Inference and random samples
The examples in the previous section involved a range of different types of model for the observed data. In the remainder of this chapter, we concentrate on one particular type of model — random sampling from a population.
We assume now that the observed data are a random sample from some population.
When the observed data are a random sample, inference asks questions about characteristics of the underlying population distribution — unknown population parameters.
For random samples, the null and alternative hypotheses specify values for the unknown population parameters.
Inference about categorical populations
When the population distribution is categorical, the unknowns are the population probabilities for the different categories.
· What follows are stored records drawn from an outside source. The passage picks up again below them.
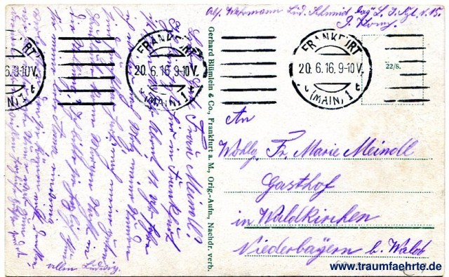 – Details – Jahr: ca. 1915 Status: gelaufen ohne Briefmarke (Feldpost), 1916 Beschriftung vorne: Frankfurt a. M , Kaffee Hauptwache mit Blick in die Zeil Beschriftung hinten: Gerhard Blümlein & Co., Frankfurt a. M., Orig.-Aufn., Nachdr. verb. 22/8. Stempel: 2½x Frankfurt (Main), (...), 1 t, 20.6.16. 9-10V.; --- Hinweis:
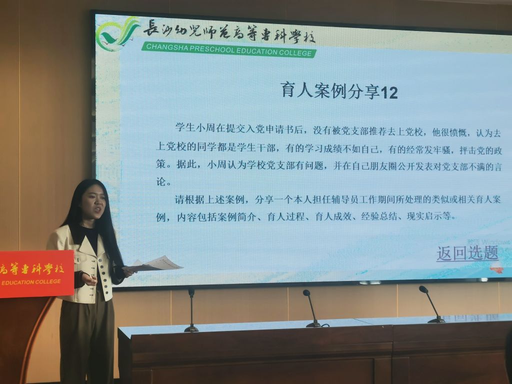 比赛现场精彩纷呈,在育人案例分享过程中,各位辅导员生动的展现了“离学生最近、最重要的人”如何以科学的育人理念、用最深的爱和耐心、用最恰当的方法传播思想、传递温暖,进而解决学生的实际困难与问题。该赛项结束后,湖南师范大学心理健康教育专家刘宓蜜评委进行了点评,她对参赛辅导员的表现表示充分肯定,并结合自身参赛和工作经验,先后从思政育人、心理健康、以赛促学的角度进行了细致的解析、交流和具体建议。
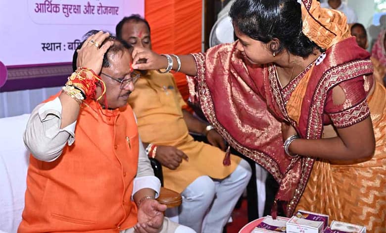 मुख्यमंत्री विष्णु देव साय के गृह ग्राम बगिया स्थित कैंप कार्यालय में रक्षाबंधन के अवसर पर विभिन्न योजनाओं से लाभान्वित बहनों ने राखी बांधकर आभार व्यक्त किया। प्रधानमंत्री आवास योजना, महतारी वंदन योजना की हितग्राही दीदियों के साथ आंगनबाड़ी कार्यकर्ता-सहायिकाएँ, मितानिन और स्व-सहायता समूह की बहनों ने भी मुख्यमंत्री श्री साय की कलाई पर राखी बांधी और उनके दीर्घायु की कामना की।
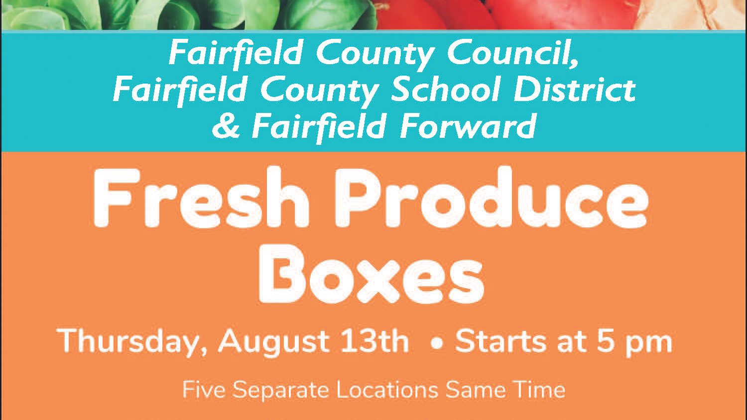 WINNSBORO – The sixth Fairfield County distribution of free boxes of fresh produce is scheduled for distribution at five separate locations at the same time...

To simplify, we consider populations for which one category is of particular interest ('success') and we denote the unknown probability of success by π.
The null and alternative hypotheses are therefore specified in terms of π.
Australia Post example
A Melbourne newspaper trying to assess Australia Post's assertion that 96 percent of letters arrive 'on time' posted 59 letters and observed that only 52 arrived on time.
We model delivery of these letters as a random sample of 59 categorical values from a population with probability π of success (arrival on time). The null hypothesis of interest is therefore...
H0: π = 0.96
The alternative hypothesis is
HA: π < 0.96
Design of mustard jar
A food manufacturer intends to change the design of its packaging for a range of mustards. The design team is particularly keen on a design that is more expensive to manufacture than two competing designs. The manager wants to be sure that customers will prefer the more expensive jar before starting production — the price is determined by competitors' products so the more expensive one will have a reduced profit margin and can only be justified if sales are considerably higher.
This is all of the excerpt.